Revenue Distribution

It may be surprising to learn that counties do not keep all the money collected through taxes. In fact, Kansas is home to around 4,500 taxing districts, with the majority of these being townships, cemeteries, cities, school districts, and special districts. This means that the 105 counties in Kansas share the tax revenue they collect with approximately 4,395 other taxing districts within their borders, including the state government.

On average, Kansas counties retain between 40 and 50 percent of the tax dollars they collect, while the remaining funds are allocated to various taxing authorities like school districts, sewer districts, water districts, extension districts, fire districts, libraries, rural hospitals, and airports. To gain a better understanding of where your county tax dollars are being allocated, you can visit the Kansas Department of Revenue’s website and select your county.

Property Tax Bill Considerations

It is often assumed that a higher property tax bill means that counties are receiving more money. However, this is not necessarily true. With numerous taxing authorities in Kansas, counties simply collect taxes on behalf of all these entities. Thus, a higher tax bill could be the result of one or more of these authorities increasing their collections.

To better comprehend the charges imposed by each taxing authority, the Kansas Department of Administration provides detailed information on the 2021 county tax levies for the 2022 budgets. This resource includes military sheets for all 105 Kansas counties, allowing taxpayers to understand how their tax dollars are being utilized.

What Can You Do?

If you are concerned about high property tax bills, there are several steps you can take:

  1. Investigate: Thanks to legislative action in 2021, Senate Bill 13 requires all county governments to mail out detailed tax estimates to every taxpayer, providing information on the current amount owed and the proposed new rate for the upcoming year.

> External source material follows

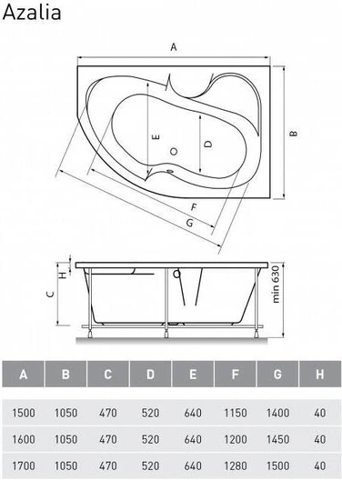 Акриловая ванна Vayer Azalia R 150x105 Гл000006725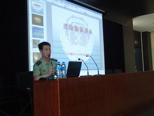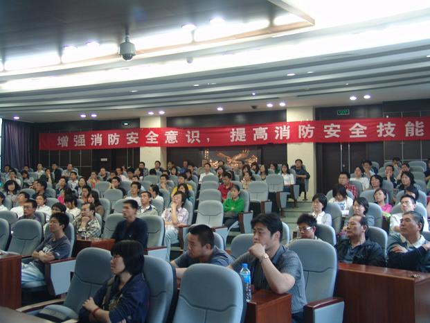 为落实学校党委指示,提高高层楼宇内各实验室广大师生的消防安全意识,增强人员密集区域老师、同学们在火灾发生时自护、自救能力;同时作为落实科学发展观,更好的为广大师生服务的一部分,保卫处特邀请海淀区公安消防支队双榆树中队指导员欧阳小松于2009年5月15日下午13:30分,在研究生楼101教室给新5#教学楼及其他各学院实验室的近200名师生进行了一次消防安全知识培训。

  2. Contact Taxing Districts: If you have questions or concerns about additional taxes, reach out to the specific taxing district responsible for the increase. They can provide information about how the additional funds will be used.

  3. Weigh Costs and Benefits: Consider the cost of the tax against the benefits you receive from local services. Keep in mind that different taxpayers have diverse expectations of service and varying abilities to pay for those services.

  4. Advocate for Good Governance: Hold elected leaders accountable for efficient, transparent, and effective operations. Your tax dollars are entrusted to elected officials, so it’s important to support them when good decisions are made.


Understanding the collection and distribution of property taxes in Kansas is essential for every taxpayer. By knowing where your tax dollars go and how they are being used, you can actively participate in the governance of your county. Remember, every service provided by the county has a cost, and it’s through taxes that these services are funded. Let’s work together to make Kansas a better place to live, work, and play.